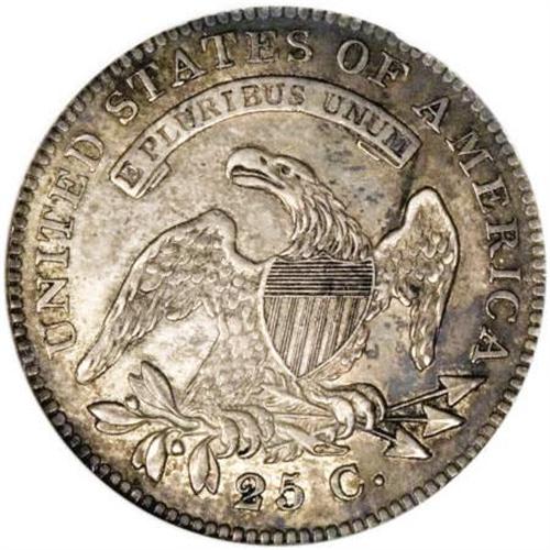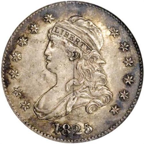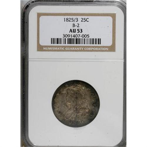<B>1825/4/3 25C AU53 NGC.</B></I> B-2, R.2. Attractively toned in medium russet, tan, and steel-gray shades that deepen slightly toward the rims. Richly detailed and distraction-free. NGC refers to this variety as 1825/3, and the Guide Book calls it an 1825/4. Likely, both underdigits are present.<BR><BR><B>Coin Engraver:</B> John Reich<BR><BR><b>Shipping:</b> Coins & Currency (<a target="_blank" href="http://www.heritageauctions.com/common/shipping.php">view shipping information</a>)
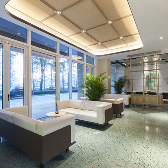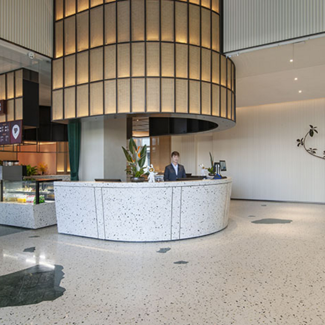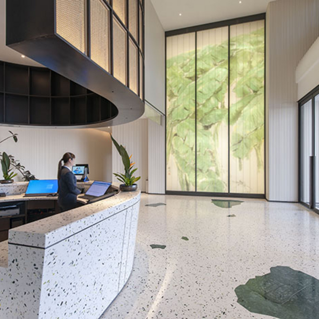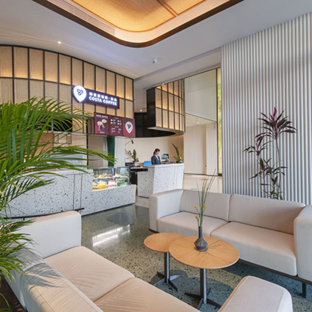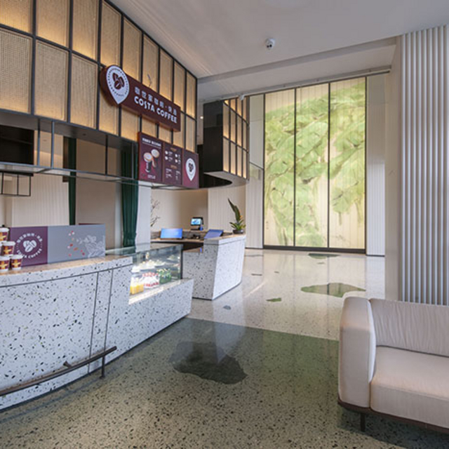 酒店整体氛围很符合当代人所需,设计传承“自然、生态”的轻东南亚风格,全幅落地窗、绿植、温馨的水磨石,配以艺术家手绘的大幅芭蕉叶玻璃幕墙,交织出一幅休闲生活的艺术画卷。
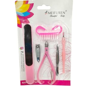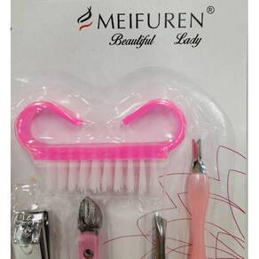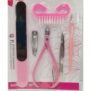 01 lixa, escova, 01 cortador de unha, 01 alicate de cutícula, 01 pinça e 01 aparador de cutícula.
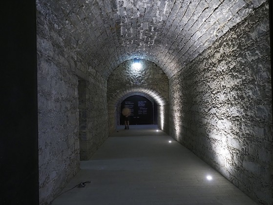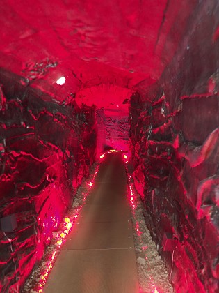 in een eerste tunnel zien we boven, door een opening in het dak van de tunnel, nog een tweede, minder hoge tunnel
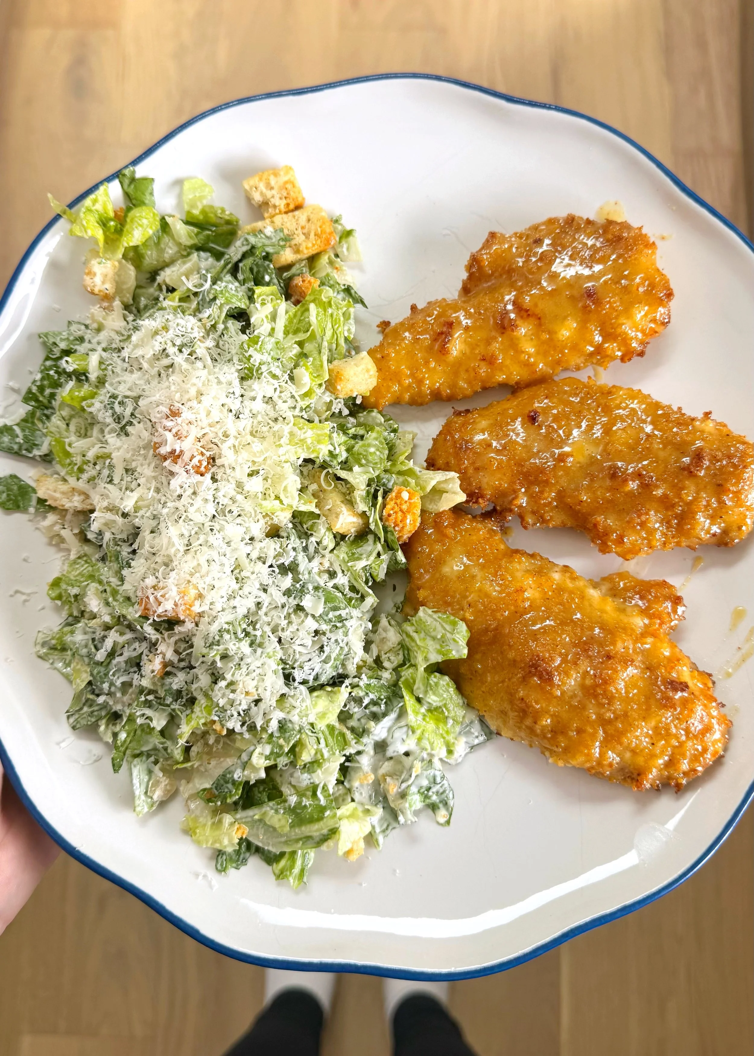 Dip each chicken tender into the egg mixture, letting any excess drip off. Then coat in the panko mixture, pressing lightly so it sticks well. Place on a plate or tray and repeat with the remaining tenders.
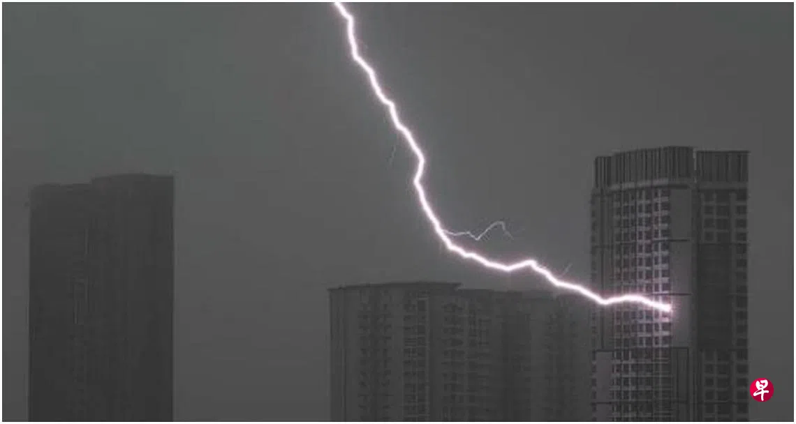 全岛多处前天(4月23日)下午下起雷阵雨,有网民拍下闪电划破天空,击中组屋的瞬间。
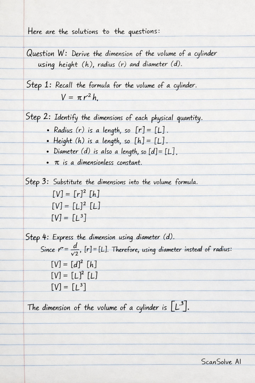 Question W: Derive the dimension of the volume of a cylinder using height (h), radius (r), and diameter (d).
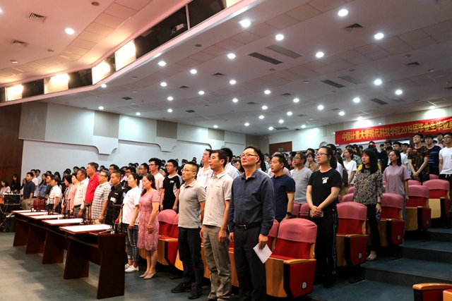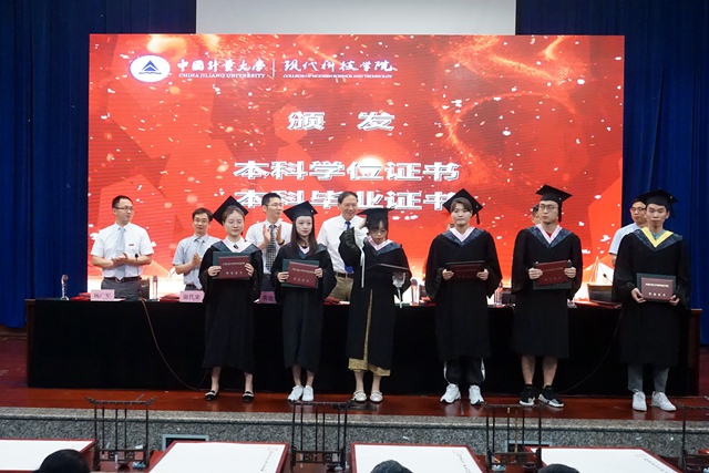 迎著晨曦的陽光,青春的氣息洋溢四周,伴隨著激昂雄壯的國(guó)歌,畢業(yè)典禮暨學(xué)位授予儀式正式開始。典禮儀式上,院長(zhǎng)易榮華為畢業(yè)生代表撥穗并致辭,副院長(zhǎng)謝代梁宣讀省級(jí)和校級(jí)優(yōu)秀畢業(yè)生文件,副書記黃建湖宣讀2019屆現(xiàn)科之星獲獎(jiǎng)名單和校友聯(lián)絡(luò)員聘任文件。學(xué)院領(lǐng)導(dǎo)向畢業(yè)生代表頒發(fā)本科畢業(yè)證、學(xué)位證、優(yōu)秀畢業(yè)生榮譽(yù)證書、現(xiàn)科之星榮譽(yù)證書、校友聯(lián)絡(luò)員聘書。
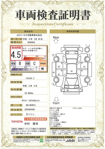 詳細及び現状の車両状態につきましては、店舗スタッフまでお尋ねください。 - 注2)上記と同様の評価点・状態表を「車両検査証明書」として店舗の展示車両に搭載しております。
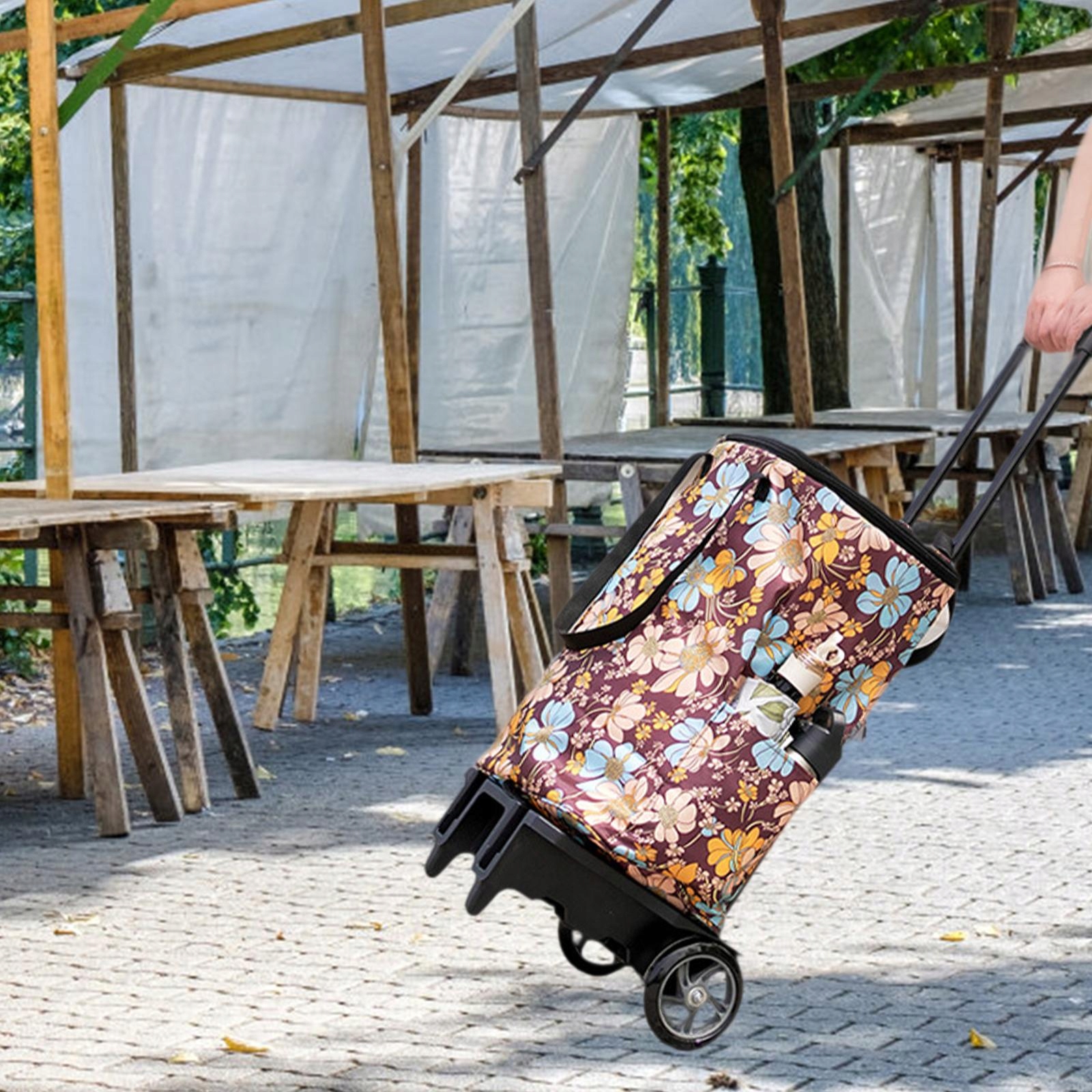 Компактная, прочная и удобная тележка для продуктов на ручной тележке для офисного переезда и коричневая цветочная сумка
------------------------------------
- Exercise brief: Copy exactly the lines from the line containing "01 lixa, escova, 01" through the last line of the records, both included, and omit every picture.

- Solution below:
 01 lixa, escova, 01 cortador de unha, 01 alicate de cutícula, 01 pinça e 01 aparador de cutícula.
 in een eerste tunnel zien we boven, door een opening in het dak van de tunnel, nog een tweede, minder hoge tunnel
 Dip each chicken tender into the egg mixture, letting any excess drip off. Then coat in the panko mixture, pressing lightly so it sticks well. Place on a plate or tray and repeat with the remaining tenders.
 全岛多处前天(4月23日)下午下起雷阵雨,有网民拍下闪电划破天空,击中组屋的瞬间。
 Question W: Derive the dimension of the volume of a cylinder using height (h), radius (r), and diameter (d).
 迎著晨曦的陽光,青春的氣息洋溢四周,伴隨著激昂雄壯的國(guó)歌,畢業(yè)典禮暨學(xué)位授予儀式正式開始。典禮儀式上,院長(zhǎng)易榮華為畢業(yè)生代表撥穗并致辭,副院長(zhǎng)謝代梁宣讀省級(jí)和校級(jí)優(yōu)秀畢業(yè)生文件,副書記黃建湖宣讀2019屆現(xiàn)科之星獲獎(jiǎng)名單和校友聯(lián)絡(luò)員聘任文件。學(xué)院領(lǐng)導(dǎo)向畢業(yè)生代表頒發(fā)本科畢業(yè)證、學(xué)位證、優(yōu)秀畢業(yè)生榮譽(yù)證書、現(xiàn)科之星榮譽(yù)證書、校友聯(lián)絡(luò)員聘書。
 詳細及び現状の車両状態につきましては、店舗スタッフまでお尋ねください。 - 注2)上記と同様の評価点・状態表を「車両検査証明書」として店舗の展示車両に搭載しております。
 Компактная, прочная и удобная тележка для продуктов на ручной тележке для офисного переезда и коричневая цветочная сумка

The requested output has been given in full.